En el séptimo disco de los Beatles, publicado en agosto de 1965, el cuarteto consigue la inmortalidad absoluta. Podréis decir: “no, eso ya lo tenían con las canciones anteriores, con su otros grandes discos”. Pero yo os diré: “eh, poneos Revolver e ir pensando en cuántos discos o grupos suenan exactamente a él”. No hablo sólo de influencia parcial, sino de bandas o canciones que podrían pasar por réplicas exactas de ‘She Said, She Said‘, ‘Good Day Sunshine‘ o ‘Got To Get You Into my Life‘.

Unas cuantas curiosidades:

  • El departamento de documentación de La Historia Oficial de la Música Pop dice que Revolver es el momento en que los Beatles descubren que la tecnología les permite doblar voces sin necesidad de grabarlas dos veces.
  • El departamento de anécdotas del mismo organismo asegura que el disco se iba a llamar Abracadabra o Beatles on Safari. También que ninguna de estas canciones fueron interpretadas en vivo por la banda, ya que su último concierto pagado fue pocas semanas después
  • El departamento de rupturas nos explica que éste es el último disco escrito al alimón por Lennon/McCartney.
  • El departamento de infravalorados insiste en que sin las tres canciones de George Harrison (’Taxman‘, ‘Love You To‘, ‘I Want To Tell You‘) Revolver sería mucho menos Revolver.

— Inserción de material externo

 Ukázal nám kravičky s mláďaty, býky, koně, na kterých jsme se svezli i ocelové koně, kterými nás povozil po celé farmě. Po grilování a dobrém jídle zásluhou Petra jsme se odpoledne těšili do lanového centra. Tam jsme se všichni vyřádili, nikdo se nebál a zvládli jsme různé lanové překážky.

Despejen la sala, señores de la Historia con mayúsculas. La burocracia pop es muy pesada y nos llena de datos que, al final, son sólo mitomanía. Si nos dejan a solas con el disco, si nos lo podemos volver a poner sin necesidad de saber nada de él, sólo con las canciones, lo que queda es irresistible. No, pop ya hemos dicho que no es, pero sí otra cosa que nace de él y lo deforma a su gusto.

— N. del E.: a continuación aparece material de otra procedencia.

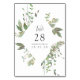 Cartões de número de mesa de casamento inspirados em elementos orgânicos com moldura geométrica projetada para ser personalizada rápida e facilmente de acordo com os detalhes do seu evento.
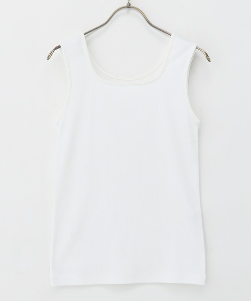 気分に合わせて使い分け 【デザイン】 1枚でスクエアとクルーネックの異なる表情を楽しめる、前後2wayデザイン。 広めの肩ひもで下着のラインが見えにくいのもうれしいポイント。 【素材・機能】 体にフィットしながら、伸縮性があり着心地抜群のテレコ素材。 紫外線対策ができる『UVカット』機能付き。 【スタイル】 カーディガンやシャツなどとのレイヤードスタイルに活躍。 品番:585-13-8798
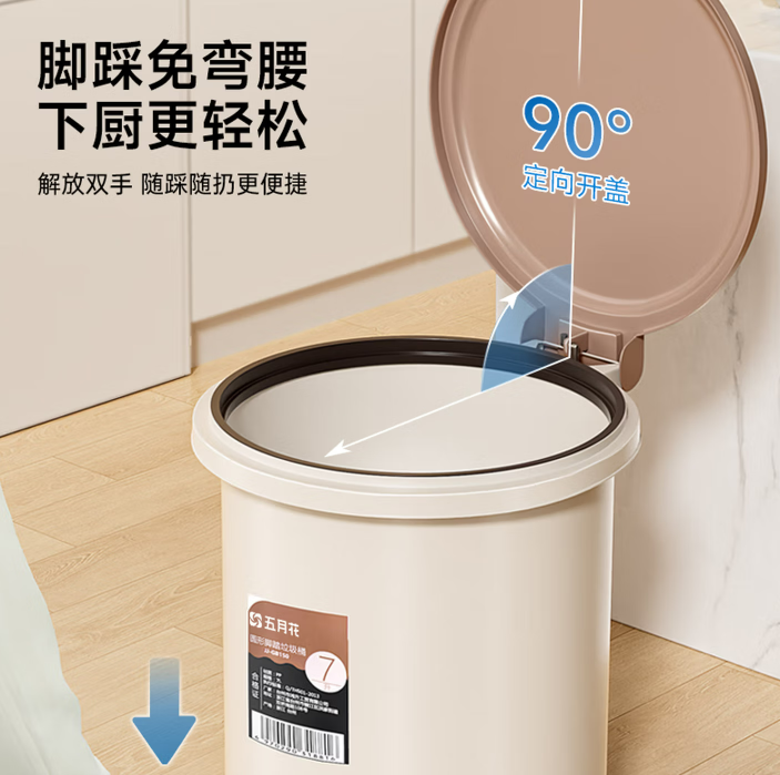 商品名称:五月花垃圾桶脚踏式脚踩翻盖7L厨房垃圾桶带盖家用客厅卫生间卧室厕所 商品编号:230727 品牌:五月花 上架时间:2025-12-02 商品毛重:0克

A solas con la música, quedan las canciones y yo tengo tres favoritas:

  • Tomorrow Never Knows‘, que podemos considerarla sin problemas música experimental, una canción construida gracias a trucos de estudio sobre un mantra musical básico (un acorde, un par máximo). Fantasmagórica, fascinantes y fabulosa (y seguro que le cabe algún otro adjetivo que empieza por fa).
  • Eleanor Rigby‘, la canción con la que reconciliarse con McCartney si piensas que a veces en su carrera ha pecado de blando, la soledad hecha música, un tema que es de los Beatles aunque ellos no tocasen en él y George Martin se trajese al estudio a un octeto de cuerdas para suplantarles y hacerlos gigantes.
  • For No One‘, orfebrería no-pop a cargo de McCartney y Ringo, más un sólo de vientos eterno que se cuela en mitad de la canción por dos veces y remata la fragilidad de todo el tema.

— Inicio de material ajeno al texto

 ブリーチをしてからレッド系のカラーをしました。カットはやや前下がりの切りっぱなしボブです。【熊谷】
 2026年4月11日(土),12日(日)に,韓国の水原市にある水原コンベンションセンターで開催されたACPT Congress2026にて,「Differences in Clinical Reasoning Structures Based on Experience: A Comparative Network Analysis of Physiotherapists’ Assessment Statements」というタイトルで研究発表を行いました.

Vosotros tendréis las vuestras (y, claro, quiero que me las digáis y por qué). Incluso podemos tirar del tópico de Revolver es un álbum que funciona en su totalidad indisoluble (y también en la soluble, porque en EEUU lo cuartearon, dejándolo en solo once canciones, y no pasó nada, siguió siendo fundamental). La verdad es que Revolver funciona, a secas. En cada uno de los segundos en los que suena.

De igual modo que en ciclismo hay puertos de montaña que no se puntúan y que se considera fuera de categoría, en la música hay discos que podríamos meter fuera de toda clasificación. Obra maestra, genialidad, etc… Se nos han gastado esas palabras de tanto usarlas y les ponemos a las canciones un peso innecesario para reafirmarlas frente a otras. Pero la única realidad es que uno escucha Revolver y ya es consciente de que “eso” no es normal.